Bathing in the pure enjoyment of the perfect first episode of the superb second season of Big Little Lies, I couldn’t resist reminding my viewing companions, mostly American, of a crucial fact: Nicole Kidman is Australian. That’s why, in a show filled with distinctly Californian accents, Our Nic pronounces “road” with at least three syllables. Pointing this out – which happens a lot in a show where most characters spend their days driving across scenic bridges – renders some portion of the Kidman stardust mine to claim. That’s just how it works.

Illustration: Simon Letch

Illustration: Simon LetchCredit:

Why do we do this, Australians abroad? Keep a mental list of famous countrymen and women, ready to proffer their nationality in even the most tangential of circumstances, and to a largely uninterested audience? An entire Spanish holiday in the summer of 2012 was spent miming over plates of ham whenever Somebody That I Used to Know came on the radio that Gotye was one of Ours. On the occasion that an Australian song makes it big internationally, I prepare for six months of such concerted campaigning as a civic duty, like democracy sausage or ignoring Cory Bernardi.

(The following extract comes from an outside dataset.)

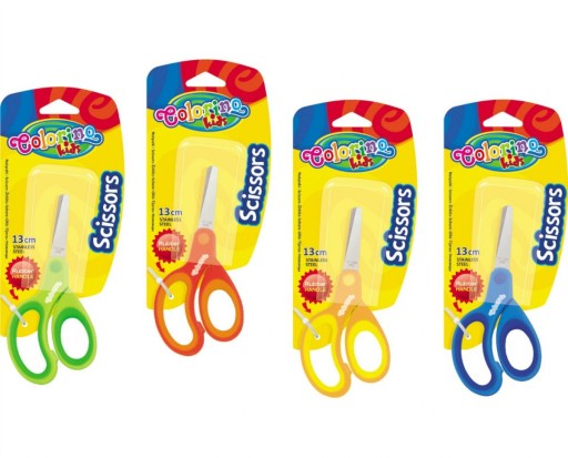 Зручні ножиці з коротким лезом для маленьких дітей. Гумові ручки. Дитячі ножиці для дитячого садка, школи та домашнього використання. Вони мають асиметричну ручку ергономічної форми з м’яким матеріалом, що підвищує комфорт використання. Контурна ручка ідеально лягає в маленькі ручки дитини Безпека використання підвищується завдяки округлим ковдрам.
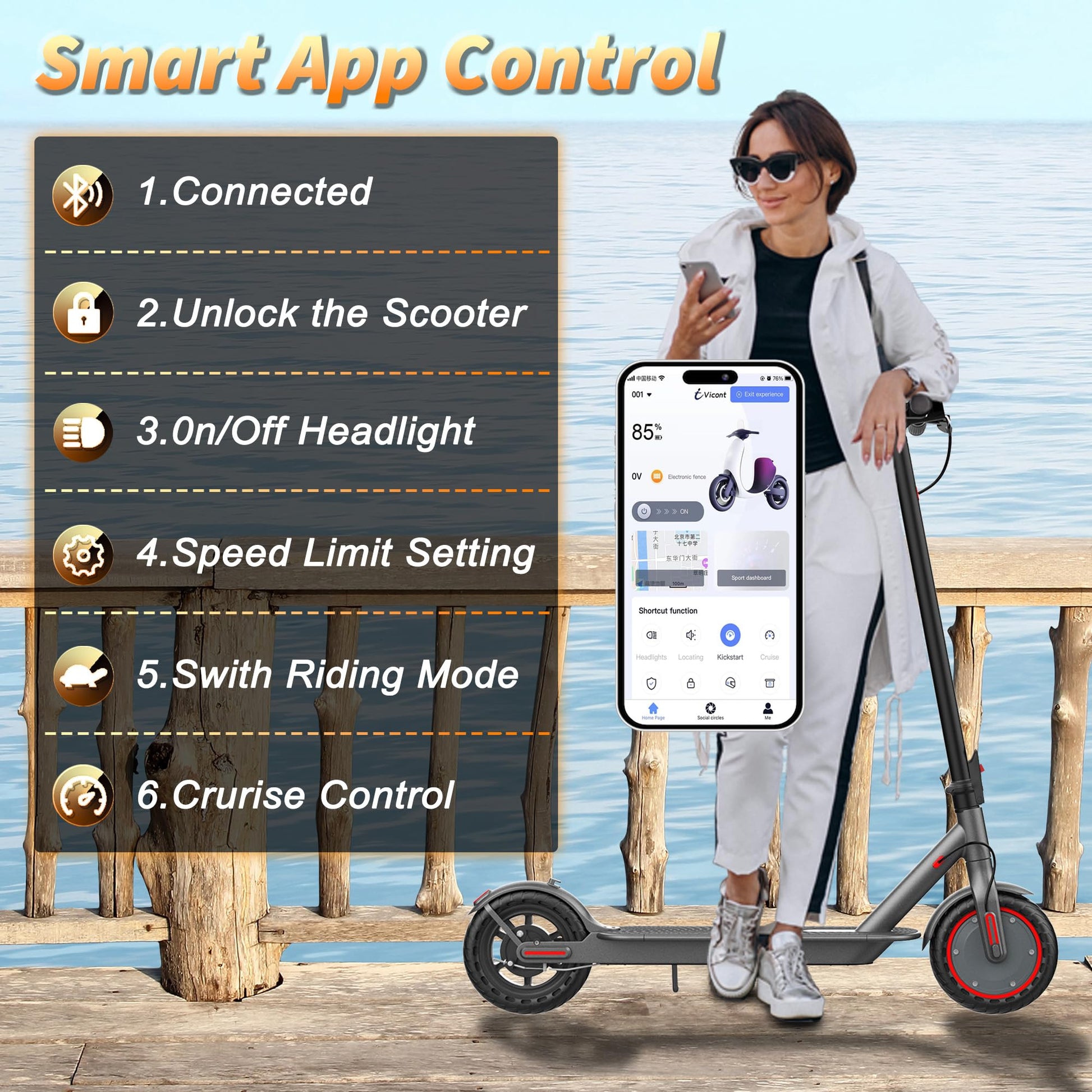 Electric Scooter Adults, Powerful 350W E-Scooter, Max 19 Mph & 15-19 Miles Range Scooters, Folding Scooters with 8.5" Solid Tires, Commuting Scooter Kick Scooter with APP Control (JS03-21Miles-350W)

Yet it’s not as though we all know each other. I barely know my neighbours. One caveat: travelling in Greece a few years ago was like playing Six Degrees of Kevin Bacon. Never has the phrase “Do you know my cousin in Marrickville?” received so much of a workout, nor received so many surprised responses in the affirmative. As for Notable Aussies, the list in my head is always growing. Sia! Duckie Thot! Everyone on Instant Hotel, the Netflix reality show from which it’s impossible to look away!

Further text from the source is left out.